Atheism vs Theism. If your wrong which is worse ?

That is better known as Pascal’s Wager, which was decisively refuted. First of all, it is a false dilemma to post a choice between the Judeo-Christianity god and atheism when you have a large number of religions to choose from. Which leads to the question of “which religion do you choose?”

You can’t choose all of them, since some forbid you worshipping other gods.

That looks like circular argument to me. You have to believe god to believe god.

Nope, doesn’t work.

Well if you don’t beleive in something and that something slaps you in the face… you beleive in it. :slight_smile: Yep the argument is circular… but not invalid when the “almighty” decides to show up… if he does and breaks the circle.

Overall its a theoretical question. I’m not talking about being happy as a theist or logical as an atheist… just whose position is worse when wrong. I would be interested in more beleivers saying why being an atheist would be worse if we were wrong.

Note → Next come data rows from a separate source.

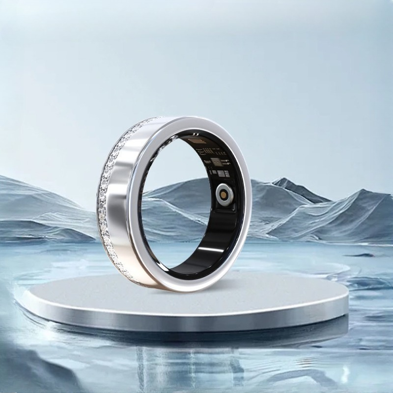 PANGUMART V2 Diamond-encrusted Bluetooth Sleep Heart Rate Monitoring Titanium Steel Smart Ring
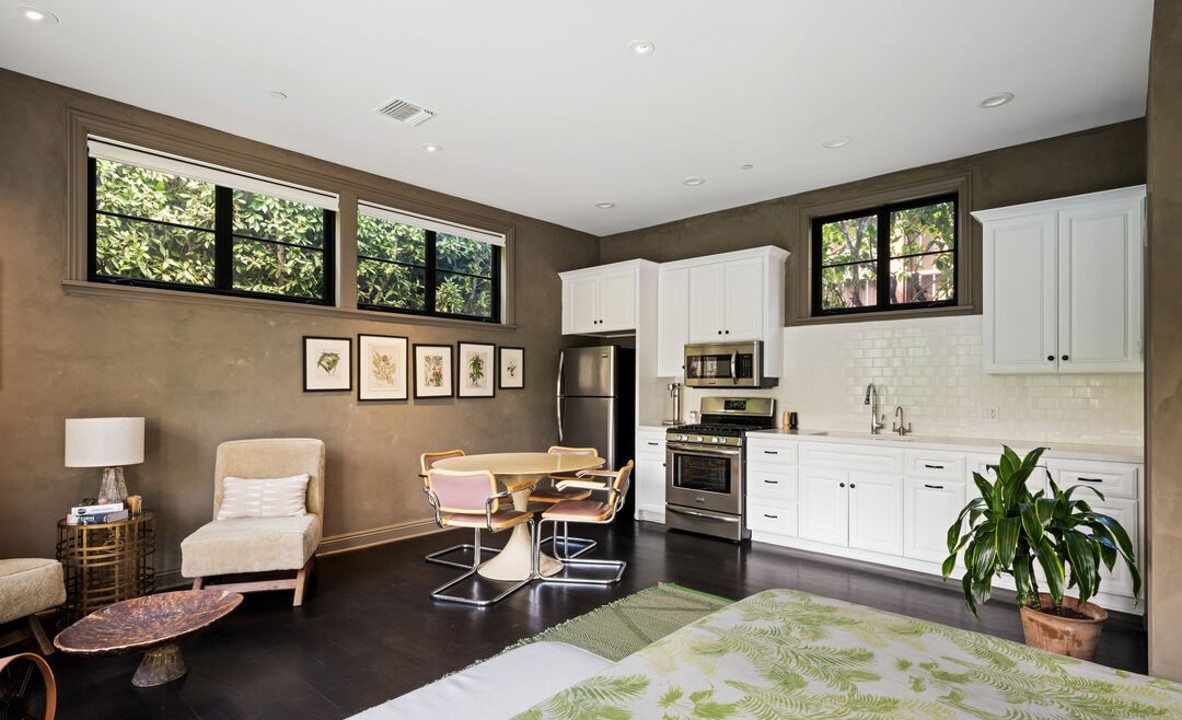 Towering windows draw the outdoors in, high ceilings add depth and scale, and glass pocket doors disappear into the walls opening to the private outdoor living area with pool and spa. Featuring innovative architecture, exquisite design, elegant finishes and fixtures, 637 Gardner is centrally located in the Melrose District and just minutes from acclaimed shopping, dining, and nightlife.This is an incomparable property, a bold, new-construction contemporary created by a renowned Beverly Hills Design firm. The sleek custom Miton Italian kitchen is appointed w/ Miele appliances, large center island & built-in breakfast area. A very generous master retreat is complete with fireplace, large private balcony, massive closet, secondary closet, stunning spa-like bath with dual floating sinks, deep soaking tub & separate shower. Private open air 2nd-story patio, ground level covered patio area overlooking a zero edge spa, decorative pool, flat grassy yard and more.
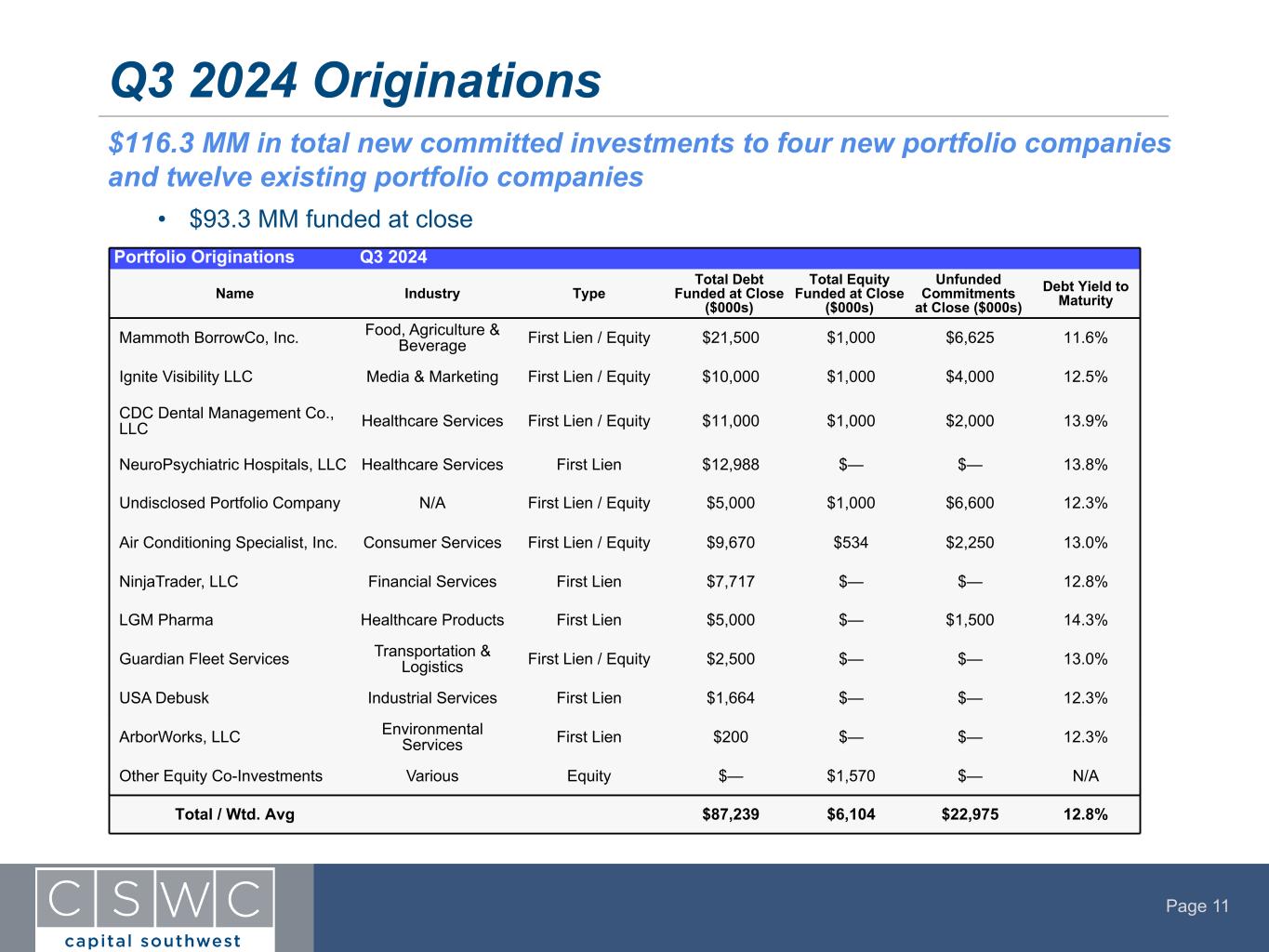 Page 11 $116.3 MM in total new committed investments to four new portfolio companies and twelve existing portfolio companies Q3 2024 Originations Portfolio Originations Q3 2024 Name Industry Type Total Debt Funded at Close ($000s) Total Equity Funded at Close ($000s) Unfunded Commitments at Close ($000s) Debt Yield to Maturity Mammoth BorrowCo, Inc. Food, Agriculture & Beverage First Lien / Equity $21,500 $1,000 $6,625 11.6% Ignite Visibility LLC Media & Marketing First Lien / Equity $10,000 $1,000 $4,000 12.5% CDC Dental Management Co., LLC Healthcare Services First Lien / Equity $11,000 $1,000 $2,000 13.9% NeuroPsychiatric Hospitals, LLC Healthcare Services First Lien $12,988 $— $— 13.8% Undisclosed Portfolio Company N/A First Lien / Equity $5,000 $1,000 $6,600 12.3% Air Conditioning Specialist, Inc. Consumer Services First Lien / Equity $9,670 $534 $2,250 13.0% NinjaTrader, LLC Financial Services First Lien $7,717 $— $— 12.8% LGM Pharma Healthcare Products First Lien $5,000 $— $1,500 14.3% Guardian Fleet Services Transportation & Logistics First Lien / Equity $2,500 $— $— 13.0% USA Debusk Industrial Services First Lien $1,664 $— $— 12.3% ArborWorks, LLC Environmental Services First Lien $200 $— $— 12.3% Other Equity Co-Investments Various Equity $— $1,570 $— N/A Total / Wtd. Avg $87,239 $6,104 $22,975 12.8% • $93.3 MM funded at close

I think theists have a better time. That is, if they are followers in organised religion.

I know friends (mostly females) who are rather literal interpreters of the Bible, and despite all the evidence provided against a straightforward intepretation of Genesis - eg evolution (note: evidence suggesting a valid case for evolution, not proof for evolution) and fossils, they are able to withstand these attacks with their faith, preferring (they know the arguments for and against) to believe that the Bible has got the facts correct. Obviously, they are not biologists or geologists wannabes.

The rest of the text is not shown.